Every time I read articles on vaccines I get more positive but the reality is they take a long time to be genuinely and empirically tested in large population sample sizes.

Below is consistent with several sources I've seen. Graphics below from: Opinion | How Long Will a Vaccine Really Take?

pFnHmmx.jpg

61ltLF4.jpg

I’ve always been (perhaps naively?) confident that a vaccine would arrive in about a year. The stakes are just too great, and there are so many parallel paths working (different countries, etc.). Something will almost certainly work, and the probability of it making things worse upon infection seems low to me (possible, but I feel less likely than a normal immune response).

I’m even optimistic about the ability to scale production to allow mass access to the vaccine.

So far, so good.

The problem is that in the next 6-9 months plus, while we wait, we’ve got a raging epidemic. There are glimmers of hope that the summer will help, but any reopening that is done irresponsibly could tip the balance. We will know more in a couple weeks.

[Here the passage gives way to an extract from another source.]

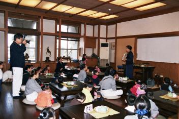 步入靜思茶道教室,傳來陣陣悠揚音樂聲,靜端師姊說:茶跟人的生活太接近,太生活化了,因此人人都會喝茶,但多數人都沒有感覺,從品茶過程中學習如何應對進退。師姊示範泡茶流程及學習規矩與奉茶,並仔細的叮聆小朋友們泡茶中種種規矩,泡茶人應將口杯文字、圖案美的一面向客人及倒茶時茶海口朝向自己,是一種尊重客人禮儀。

It’s almost like it would be beneficial to try to suppress the virus. How many 3 trillion dollar stimuli, exactly, are we planning to do until the vaccine arrives?
 
  • Like
Reactions: 30seconds
There are glimmers of hope that the summer will help
I'm not sure that is clear. https://www.accuweather.com/en/heal...ut-how-covid-19-could-spread-in-the-us/707057
The seasons in the Northern Hemisphere are the opposite of those in the Southern Hemisphere. This means that in Argentina and Australia, winter begins in June. The winter solstice in the Southern Hemisphere is June 20 or 21, while the summer solstice, the longest day of the year, is December 21 or 22.
4d226dec-549d-475a-a8ac-aa92813e5907-1.jpg
 
MSN article about blood markers that doctors have found in similar among children with MIS-C with hopes to identify the children most at risk for life-threatening conditions.

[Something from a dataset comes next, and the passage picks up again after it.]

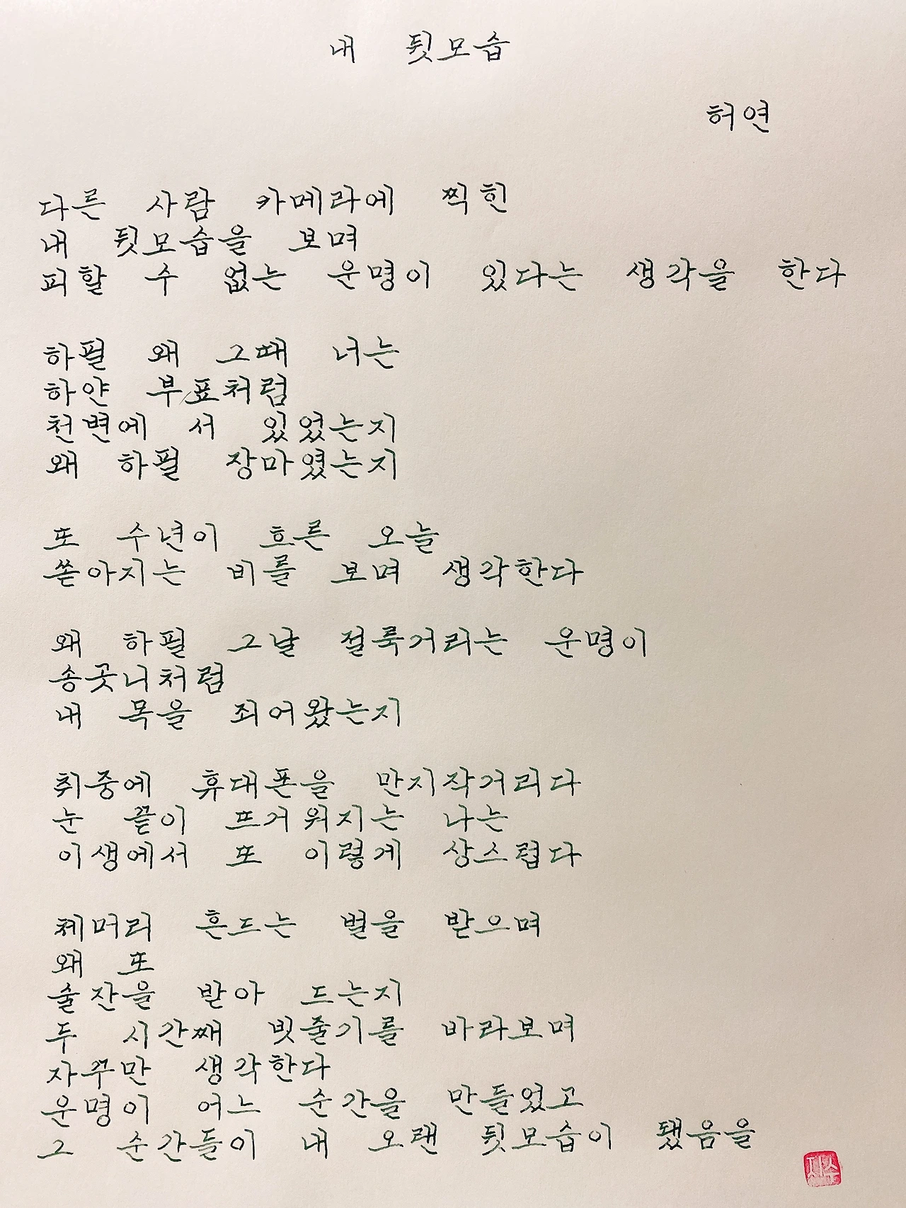 그 순간들이 내 오랜 뒷모습이 됐음을

"Researchers at Imperial College London analysed blood from some of the sickest children and found they had high levels of five compounds that can be measured in routine tests. Two of the compounds, ferritin and C-reactive protein or CRP, are common blood markers for inflammation. The others are linked to heart damage and blood clotting, namely troponin, BNP and so-called “D-dimers”.

“We know that these markers are present in the very sick patients and at lower levels in some patients with normal Kawasaki disease,” said Michael Levin, a professor of paediatrics and international child health at Imperial."

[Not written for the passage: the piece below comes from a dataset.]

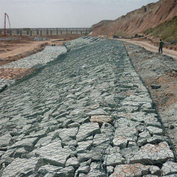 詳細(xì)信息 鉛絲石籠網(wǎng)是一種柔性的護(hù)坡結(jié)構(gòu),使用場(chǎng)所非常廣泛,那么鉛絲石籠網(wǎng)護(hù)坡都有哪些好處呢?下面小編為大家詳細(xì)講解下。首先是調(diào)節(jié)和疏導(dǎo)江河和大水。河水災(zāi)害通常以水流沖刷河岸為主要形式,造成洪災(zāi)、生命財(cái)產(chǎn)損失和大量土壤侵蝕。處理上述問題時(shí),應(yīng)用鉛絲石籠網(wǎng)護(hù)坡可對(duì)河床及河岸進(jìn)行長期保護(hù),是一種較為理想的方法之一。鉛絲石籠網(wǎng)是經(jīng)常用于河道護(hù)坡工程,所以有河道鉛絲石籠網(wǎng)護(hù)坡的美稱,有時(shí)也稱河道鉛絲籠護(hù)坡。河道鉛絲石網(wǎng)籠除了護(hù)坡外,還經(jīng)常用來河道護(hù)底、橋梁防護(hù)、路基防護(hù)、擋墻加固、防汛防洪等工程。河道鉛絲石籠網(wǎng)護(hù)坡采用髙鍍高爾凡低碳鋼絲通過 石籠網(wǎng)機(jī)進(jìn)行編織,根據(jù)使用的需要可以選擇更具有防腐性的包塑絲延長使用壽命。
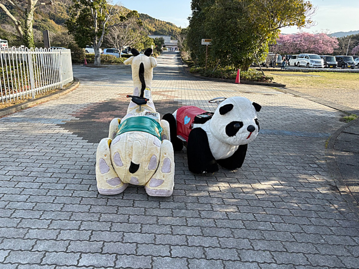 懐かしのパンダと麒麟の乗り物まであります。この動物の乗り物、昔から子ども達にとても人気ですよね。またねーと言ってる感じがたまりません。

Doctors raise hopes of blood test for children with coronavirus-linked syndrome
 
  • Informative
  • Like
Reactions: renim and TEG
Every time I read articles on vaccines I get more positive but the reality is they take a long time to be genuinely and empirically tested in large population sample sizes.

Below is consistent with several sources I've seen. Graphics below from: Opinion | How Long Will a Vaccine Really Take?

pFnHmmx.jpg

61ltLF4.jpg

Most of this diagram is not applicable to the Moderna vaccine. I cannot read the article b/c it is behind a paywall.

1) Academic research was 99% complete because they piggy-backed off research already done on SARS and MERS (other coronaviruses).
2) Pre-clinical work was 99% done for the same reason as #1
3) "Building factories" will not be necessary because this is a mRNA based vaccine (we are hijacking the cells of those people injected to build the protein for the immune response). Building strands of RNA is a much simpler process and can be done in bulk quickly. Traditional vaccines have many many MANY more steps.

As you surmised, much of this was streamlined for the current pandemic.
 
Taiwan, SKorea and Vietnam are also much smaller countries with fewer points of entry, so, far easier to "lockdown". Not to mention they had prior recent virus scares that led to better overall preparedness.

And, it's possible that their universal TB vaccination policies may have conferred some viral immunity to their populations. The lower rates of mortality is interesting in those countries that still vaccinate for TB, compared to the ones that don't, like the US and Western Europe. Thankfully, numerous countries are testing the TB vaccine to see if there's something actually behind the data.